Given records:
★ ★ ★ ★ ★

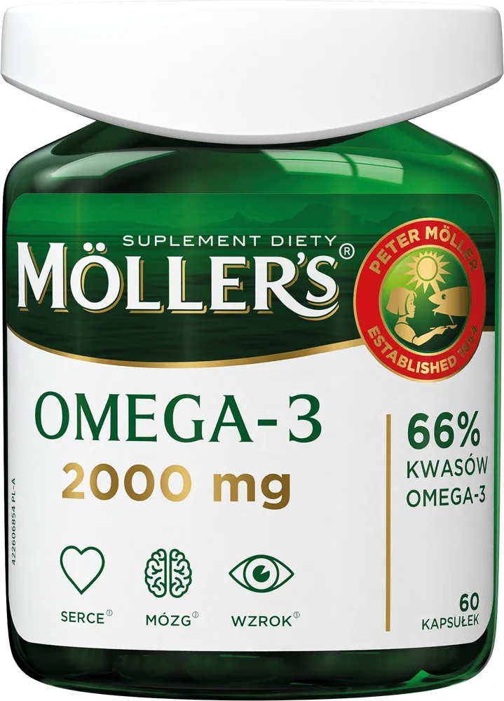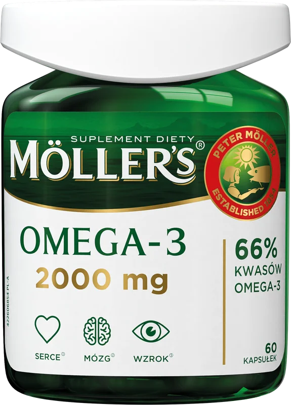 Moller's Omega-3 2000 mg to suplement diety, który zawiera kwasy tłuszczowe omega-3, wykazujące korzystny wpływ na funkcjonowanie serca oraz wspierające prawidłowe działanie mózgu. Składniki suplementu pomagają w utrzymaniu prawidłowych poziomów lipidów we krwi oraz wspomagają funkcje poznawcze. Produkt odpowiedni dla osób dorosłych oraz dzieci powyżej 11. roku życia.
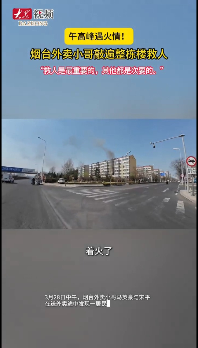 午高峰遇火情!烟台外卖小哥敲遍整栋楼救人大众新闻 | 昨天20:09 原创大众新闻 微信扫码扫码下载客户端3 月 28 日中午,烟台外卖小哥马英豪、宋平送餐时遇居民楼火情,二话不说奔赴现场:拨打火警、敲遍整栋楼疏散居民、引导消防车进小区,确认安全后才离场,为这份凡人善举点赞!(大众新闻记者 邢金钰 烟台黄渤海新区融媒体中心 徐娜)
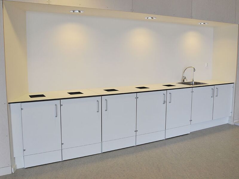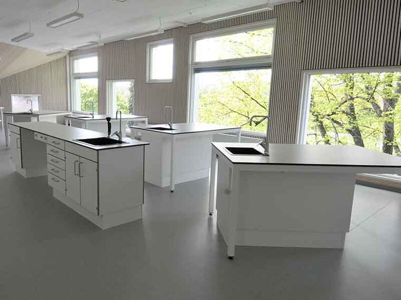 ST Skoleinventar has supplied furniture for the following subject rooms: Kitchen, Science and Wardrobe / Lockers with storage space for students.
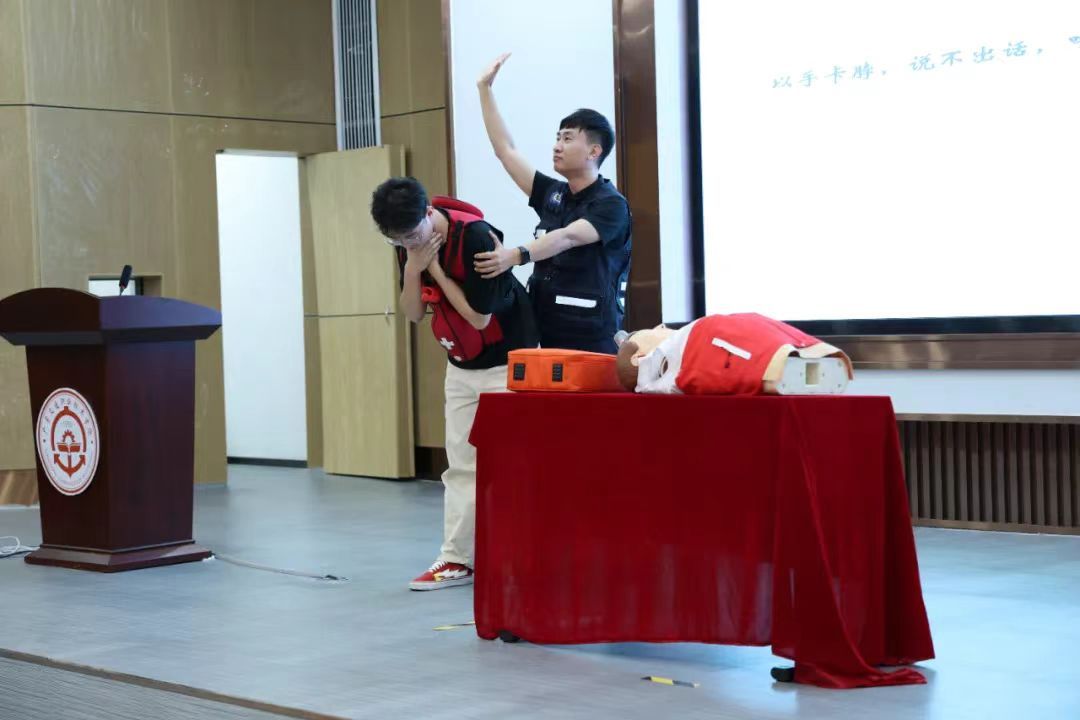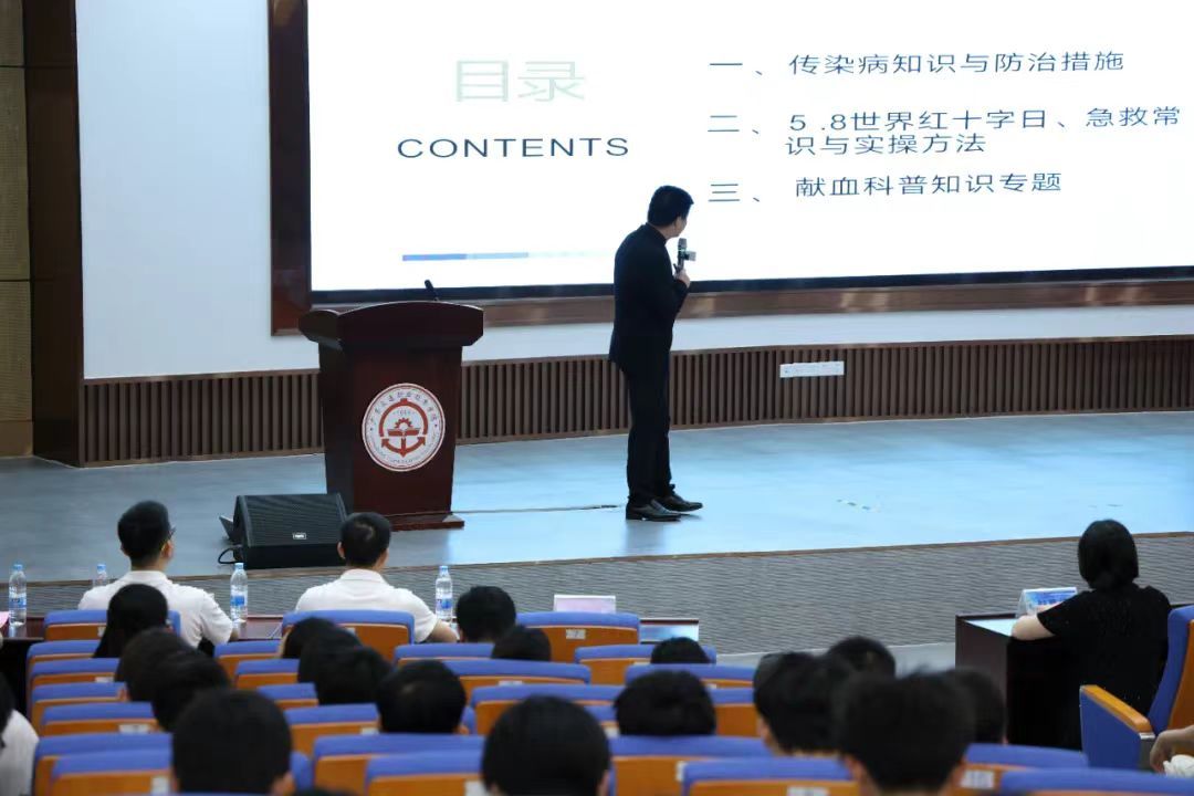 随后,广州中医药大学金沙洲医院的医生为师生讲授了“肺结核”、“甲流”、“诺如”、“肺结核”、“艾滋病”等传染病的防治知识,并就献血、红十字精神等进行专题分享。讲座中,医生还为同学们示范了急救操作技能。
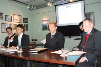 左から濱野清正氏(洞爺湖温泉協会副会長)、白戸太朗氏(アスロニア代表)、ジェフ・メイヤー氏(アイアンマン・アジアパシフィックCEO)、メイ・リッキー氏(エンデュランススポーツ・ジャパン代表)。
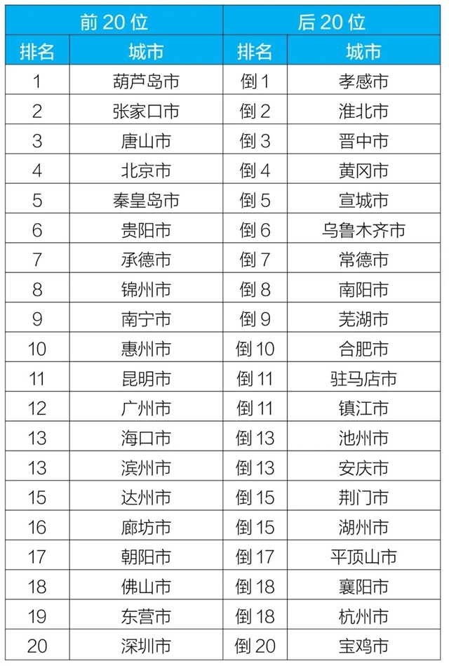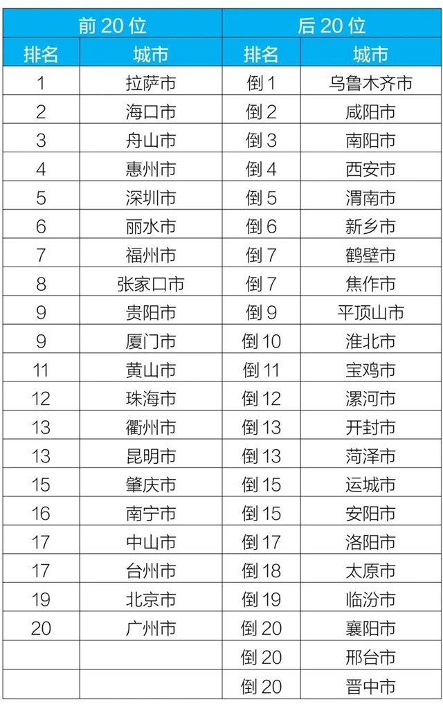 3月,168個重點城市中,??凇⒗_和舟山市等城市空氣質(zhì)量相對較好(從第1名至第20名);咸陽、太原和陽泉市等城市空氣質(zhì)量相對較差(從倒數(shù)第1名至倒數(shù)第20名),見附表1。
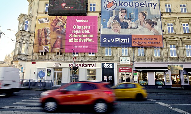 Plzeňská radnice oznámila, že chce bojovat s vizuálním smogem. Na snímku reklamou přeplácané Palackého náměstí v centru Plzně. (5. ledna 2025)
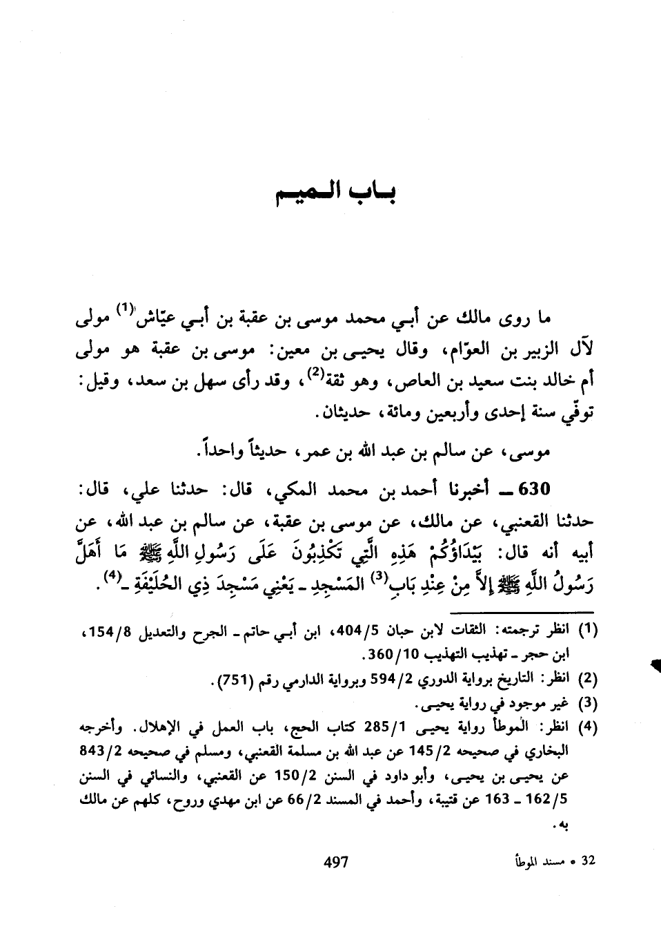 مَا رَوَى مَالِكٌ عَنْ أَبِي مُحَمَّدٍ مُوسَى بْنِ عُقْبَةَ بْنِ أَبِي عَيَّاشٍ مَوْلًى لآلِ الزُّبَيْرِ بْنِ الْعَوَّامِ
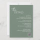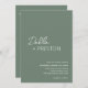 Modern olive / sage green all in one wedding invitation featuring a simple and minimal design with the bride's name in an elegant script and the groom's name in a contemporary sans serif font. Below in the lower right corner are your event details in a minimalist layout. The back has your additional details and QR Code, so you can skip the enclosure card and RSVP card.
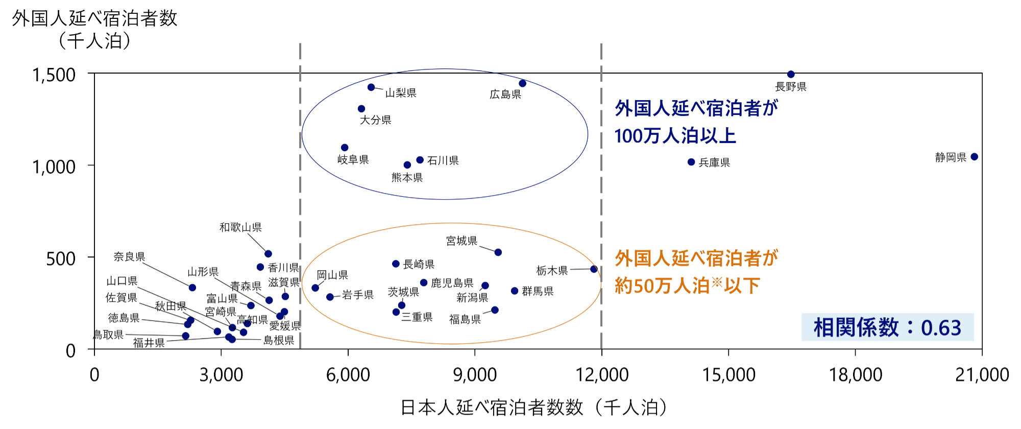 一方で、訪“地方”外国人の分析の観点から、大都市圏および北海道・沖縄県を除いた、日本人延べ宿泊者数が500万人泊~1,200万人泊の17県に着目した。その結果、外国人延べ宿泊者数が100万人泊/年以上の6県(広島県、山梨県、大分県、岐阜県、石川県、熊本県)と50万人泊/年以下の11県(岩手県、宮城県、栃木県、新潟県、福島県、三重県、群馬県、鹿児島県、長崎県、茨城県、岡山県)の二群に大きく分かれていることが分かる。
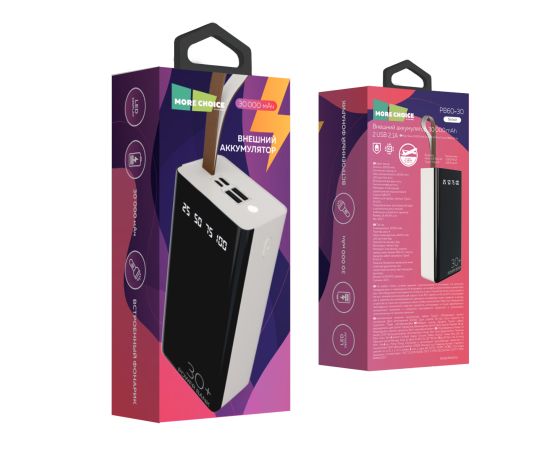 Внешний аккумулятор 30000mAh 2USB 2.1A More choice PB60-30 (White)
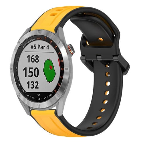 Correa de Reloj para Garmin Approach S40 Silicona Dos Colores 20mm (Amarillo + Negro)
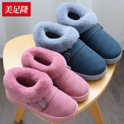 Dép cotton mới 2018 nữ mùa đông nhà dày không thấm nước pu da cộng với nhung ấm chống trơn trượt mang giày cotton tại nhà dép ở nhà
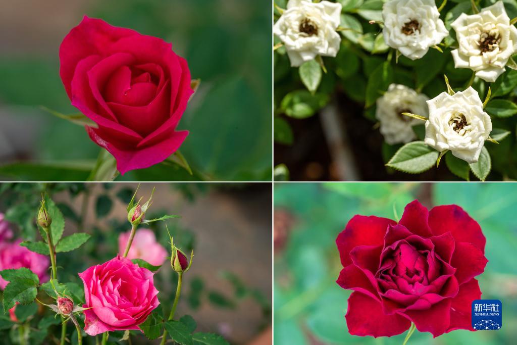 這是云南省安寧市現代農業園區玫瑰種植示范園里玫瑰新品種的拼版照片。
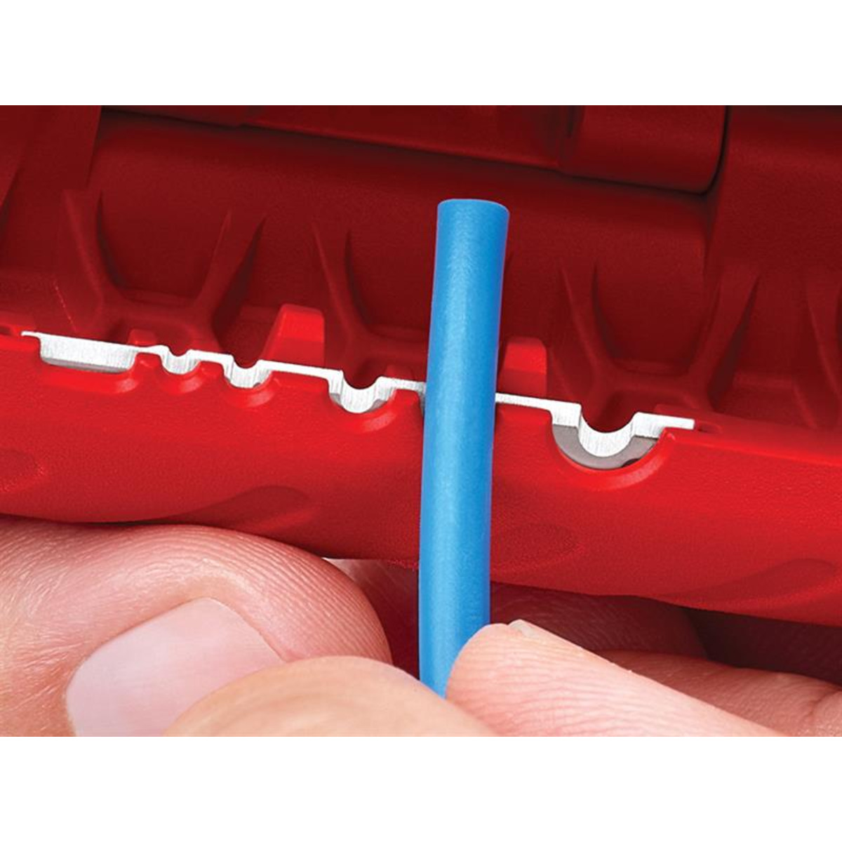 The slim ergonomically designed body is made of a robust polyamide compound plastic whilst the double-sided guide ensures a precise cut. There is also a practical wire stripper.
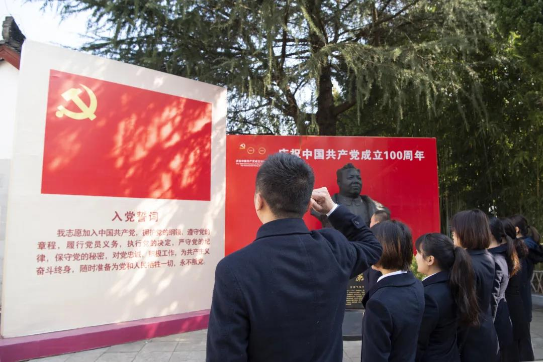 11月25日上午,参加人员一行首先参观了爱国主义教育基地王若飞故居,跟着讲解员重温了老一辈无产阶级革命家王若飞同志的成长历程及参与重大革命事迹。全体人员集体瞻仰烈士塑像并敬献鲜花,在王若飞同志塑像前重温了入党誓词。
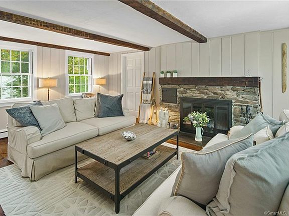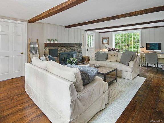Beautiful Rowayton Cape on quiet side street, brimming with charm, period details, great yard and move in ready. As you enter the front door you sense the warmth of this home. Inviting living room with beamed ceiling, wood burning fireplace, beautiful hardwood floors and views to raised patio and private back yard. Dining room flows to the kitchen and family room also with wood burning fireplace. Main level primary suite opens to the patio and offers huge bath with double sinks, shower, soaking tub, and two walk in closets. Two bedrooms and full bath on second floor with window seat, many closets and storage space. Lower level can be a playroom or home gym in heated space. There is a workroom and attached one car garage in addition to a two car detached garage with pull down loft above. Permanent generator. Walk to town and train within minutes. Enjoy all Rowayton has to offer with beach, waterfront village, library, tennis, paddle tennis, pickle ball, dog park, nature preserve and so much more.

★ ★ ★ ★ ★

Your task: Copy nothing but the lines above that run from the one with "مَا رَوَى مَالِكٌ" to the one with "11月25日上午,参加人员一", ends included; pictures stay out.

Task solution:
 مَا رَوَى مَالِكٌ عَنْ أَبِي مُحَمَّدٍ مُوسَى بْنِ عُقْبَةَ بْنِ أَبِي عَيَّاشٍ مَوْلًى لآلِ الزُّبَيْرِ بْنِ الْعَوَّامِ
 Modern olive / sage green all in one wedding invitation featuring a simple and minimal design with the bride's name in an elegant script and the groom's name in a contemporary sans serif font. Below in the lower right corner are your event details in a minimalist layout. The back has your additional details and QR Code, so you can skip the enclosure card and RSVP card.
 一方で、訪“地方”外国人の分析の観点から、大都市圏および北海道・沖縄県を除いた、日本人延べ宿泊者数が500万人泊~1,200万人泊の17県に着目した。その結果、外国人延べ宿泊者数が100万人泊/年以上の6県(広島県、山梨県、大分県、岐阜県、石川県、熊本県)と50万人泊/年以下の11県(岩手県、宮城県、栃木県、新潟県、福島県、三重県、群馬県、鹿児島県、長崎県、茨城県、岡山県)の二群に大きく分かれていることが分かる。
 Внешний аккумулятор 30000mAh 2USB 2.1A More choice PB60-30 (White)
 Correa de Reloj para Garmin Approach S40 Silicona Dos Colores 20mm (Amarillo + Negro)
 Dép cotton mới 2018 nữ mùa đông nhà dày không thấm nước pu da cộng với nhung ấm chống trơn trượt mang giày cotton tại nhà dép ở nhà
 這是云南省安寧市現代農業園區玫瑰種植示范園里玫瑰新品種的拼版照片。
 The slim ergonomically designed body is made of a robust polyamide compound plastic whilst the double-sided guide ensures a precise cut. There is also a practical wire stripper.
 11月25日上午,参加人员一行首先参观了爱国主义教育基地王若飞故居,跟着讲解员重温了老一辈无产阶级革命家王若飞同志的成长历程及参与重大革命事迹。全体人员集体瞻仰烈士塑像并敬献鲜花,在王若飞同志塑像前重温了入党誓词。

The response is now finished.